Stoichiometry question help

[abelkoontz]

First of all, when you have 2Na and you try to find the moles, do you just disregard the 2? Because the mols is 0.05 right? 

So 2NaOH also has 0.05mol. And i'm stuck lol

[SC2Player]

The coefficients specify the ratios in which the reactants react and the products are produced.  In this case, Na reacts with water in a 2:2 ratio to produce NaOH and H2 in a 2:1 ratio, and so the overall reaction ratio is in 2:2:2:1.  Hence, 0.05 mol of Na reacts with 0.05 mols of water, producing 0.05 mols of NaOH and 0.025 mols of H2.  From thereon, you can calculate the concentration of the NaOH solution.  

[abelkoontz]

13 minutes ago, SC2Player said:

The coefficients specify the ratios in which the reactants react and the products are produced.  In this case, Na reacts with water in a 2:2 ratio to produce NaOH and H2 in a 2:1 ratio, and so the overall reaction ratio is in 2:2:2:1.  Hence, 0.05 mol of Na reacts with 0.05 mols of water, producing 0.05 mols of NaOH and 0.025 mols of H2.  From thereon, you can calculate the concentration of the NaOH solution.  

 

How do you calculate the conc? Do you just pretend volume = mass 

[SC2Player]

Concentration is amount of something per unit volume (hence units mol dm^-3).  Take amount of NaOH you have in mols and divide this by volume (250 cm^3), then simplify into mol dm^-3.

[kw0573]

1 hour ago, abelkoontz said:

First of all, when you have 2Na and you try to find the moles, do you just disregard the 2? Because the mols is 0.05 right? 

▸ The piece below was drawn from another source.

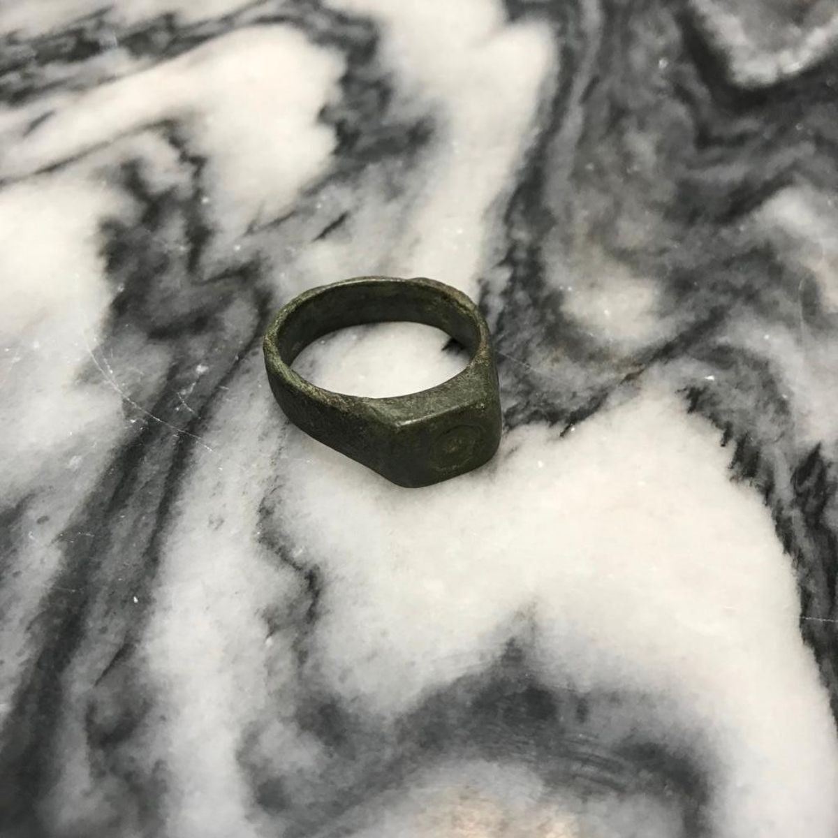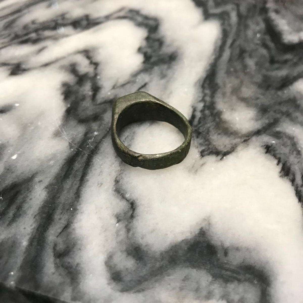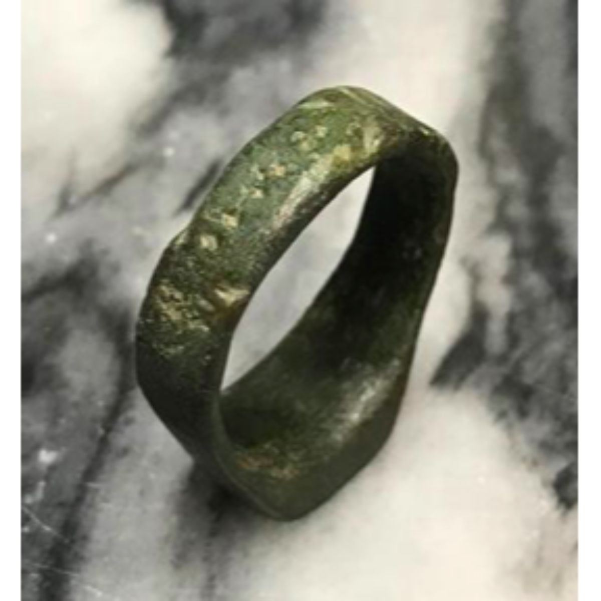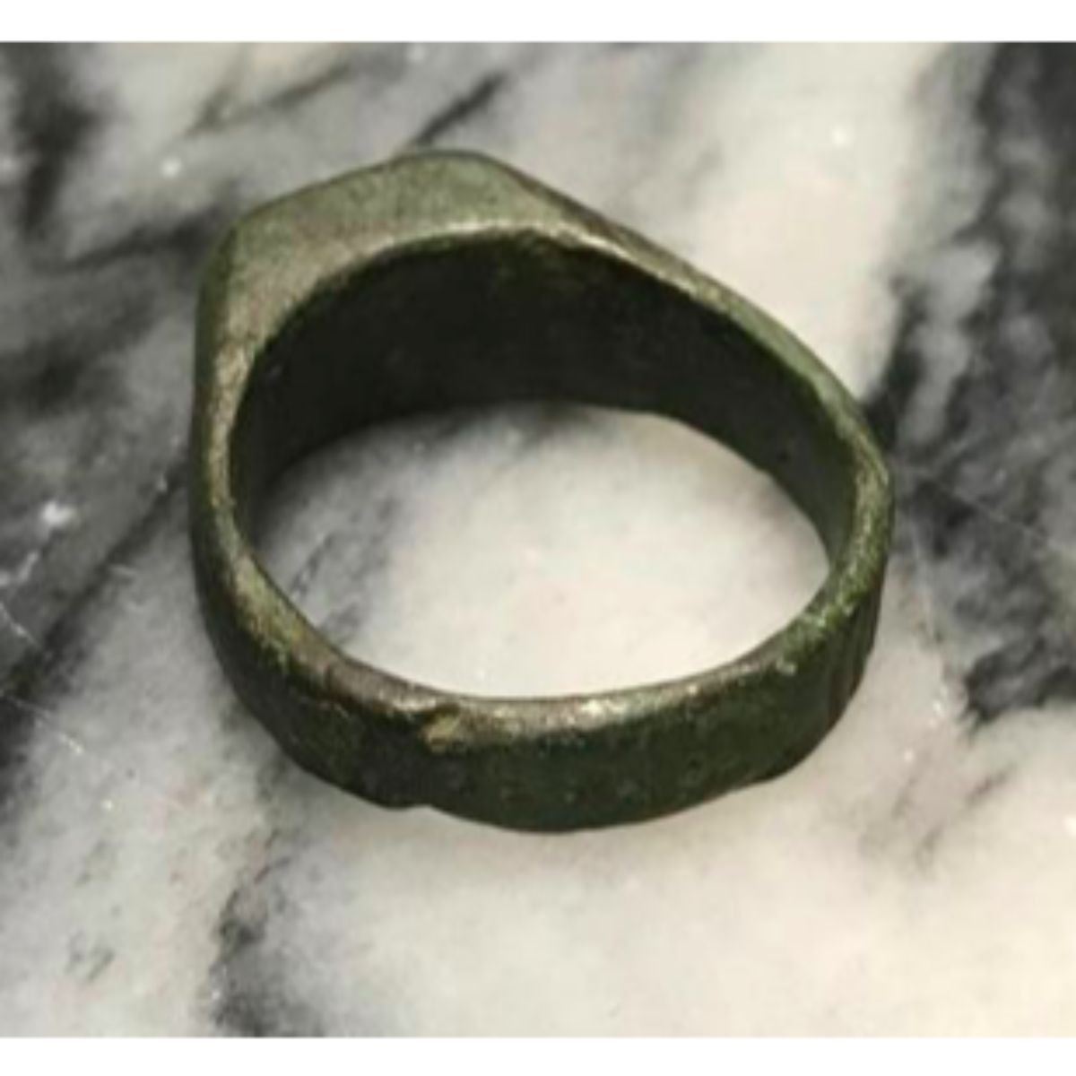 Late Roman Period bronze ring, artifact, with squared bezel with an indentation for stone & vertical grooves along the band. Missing stone, possibly an intaglio glass stone? Wearable size 7.5. * slight bend to band.

So 2NaOH also has 0.05mol. And i'm stuck lol

Yes, the 2 in front of Na (the coefficient) does not matter. The important detail is the ratio moles of NaOH produced / moles of Na consumed, which is unity (1). That means with 0.05 mol of Na consumed or 0.05 mol of NaOH produced, in 0.250 dm³ water, the concentration of NaOH final is 0.05 / 0.250 = 0.2 mol dm^-3. The assumption is not volume = mass, but rather the volume of NaOH produced is small compared to 0.250 dm³ of water.